» **Task directions**: Would you restate the listing word for word, with the images omitted?

» **Data shown**:

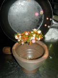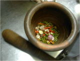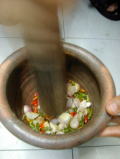 2.フライパンに大量のプリッ・キー・ヌー(極辛唐辛子)とニンニク、ホムデン(エシャロット)をいれ、油も敷かずに焼く。ここでこれらには完全に火を通してしまう。ちなみにこの作業がパオ≠ナある。 3.2に完全に火が通ったら、クロック(臼)に入れる。別に冷ます必要は無い。サークとはクロックの隣に写っている杵のこと。クロックは土製でもサークは木製である。 |
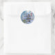 Weihnachts Party Winter White Snowman Blue Rustic Classic Round Sticker. Einzigartiges, schönes, stilvolles Design. Leicht personalisiert zu sein. Schriftart Stil, Größe und Farben können geändert werden. Matching-Elemente sind verfügbar.
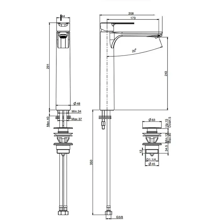 Fima Carlo Frattini Mast Смеситель для раковины, без донного клапана, излив 17,3 см, цвет: gold F3131/HOR.1
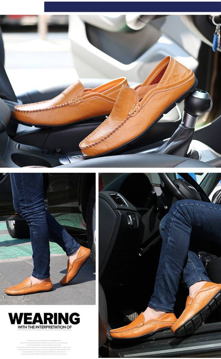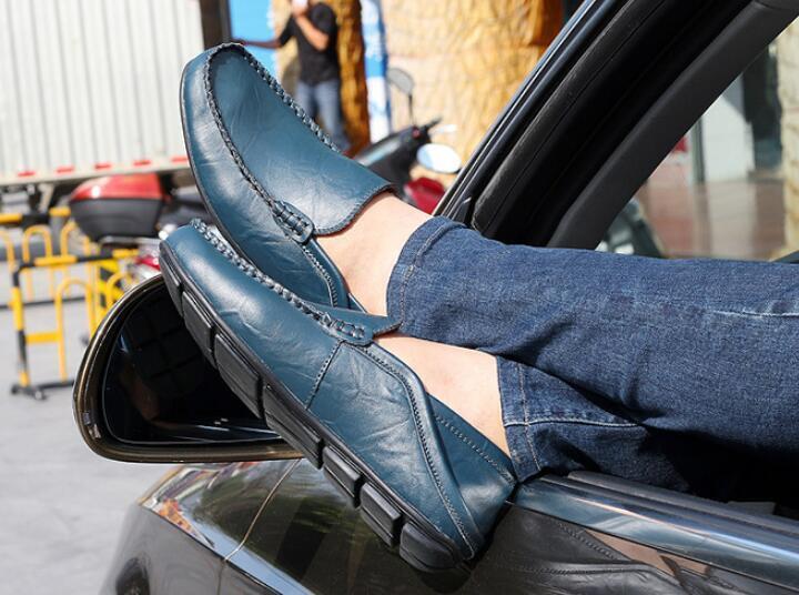 新品 上質 本革 モカシンシューズ メンズシューズ レザーシューズ ローファー スリッポン ドライビングシューズ*ネイビー 24.5cm~28.5cm

» **Solution to the exercise**:
 2.フライパンに大量のプリッ・キー・ヌー(極辛唐辛子)とニンニク、ホムデン(エシャロット)をいれ、油も敷かずに焼く。ここでこれらには完全に火を通してしまう。ちなみにこの作業がパオ≠ナある。 3.2に完全に火が通ったら、クロック(臼)に入れる。別に冷ます必要は無い。サークとはクロックの隣に写っている杵のこと。クロックは土製でもサークは木製である。 |
 Weihnachts Party Winter White Snowman Blue Rustic Classic Round Sticker. Einzigartiges, schönes, stilvolles Design. Leicht personalisiert zu sein. Schriftart Stil, Größe und Farben können geändert werden. Matching-Elemente sind verfügbar.
 Fima Carlo Frattini Mast Смеситель для раковины, без донного клапана, излив 17,3 см, цвет: gold F3131/HOR.1
 新品 上質 本革 モカシンシューズ メンズシューズ レザーシューズ ローファー スリッポン ドライビングシューズ*ネイビー 24.5cm~28.5cm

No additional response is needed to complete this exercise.